All line numbers in this report refer to lunar_lander.py as of its current status in the main branch at the time of writing, i.e. commit 8161d7d.

I have already done a little investigation, and have strong suspicions on the root cause of the problem as well as a preliminary "hot fix" for it.

The problematic argument of the ApplyLinearImpulse call appears to be the impulse (first arg), i.e. (-ox * MAIN_ENGINE_POWER * m_power, -oy * MAIN_ENGINE_POWER * m_power) (line 569). Printing this expression in pdb yielded a tuple of numpy scalars. Still in pdb, attempting to call ApplyLinearImpulse with the first argument replaced by (0,0) yielded no errors.

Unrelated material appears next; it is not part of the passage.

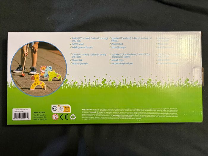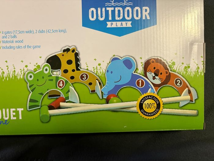 Outdoor Play Jeu de croquet en bois Animaux. Positionnez les arceaux en forme d'animaux dans la pelouse et lancez la partie. Frappez la boule et faites de votre mieux pour la faire passer sous les arceaux. Contenu : 4 arceaux (largeur 17,5 cm), 2 maillets ( longueur 42,5 cm) et 2 boules. Livré dans une boîte en couleur avec des instructions détaillées. Convient aux enfants à partir de 3 ans.

Therefore, I strongly suspect that some point in the framework, possibly the Box2D language bindings, do not recognize numpy types as numeric types, but rather as generic objects. Looking deeper at the expression for the impulse argument, the only numpy-type part is m_power. This appears to be due to an earlier np.clip call that is only executed if self.continuous is true.

My suspicions are confirmed by the fact that I was able to successfully implement the following "hot fix": add .item() at the end of a few lines containing numpy calls, so that Box2D is only given native Python floats. Specifically:

"Successfully implemented" means that this version has not raised the reported exception (or any other exception) for the entirety of a 400000-step training session, where one can reasonably expect that a variety of states and actions was encountered. A qualitative look at the recorded videos shows no immediate weirdness with the environment, either.

With this, I am not implying that my fix is the best, or the most efficient. I am only reporting it in order to highlight the problem, and to facilitate reproduction.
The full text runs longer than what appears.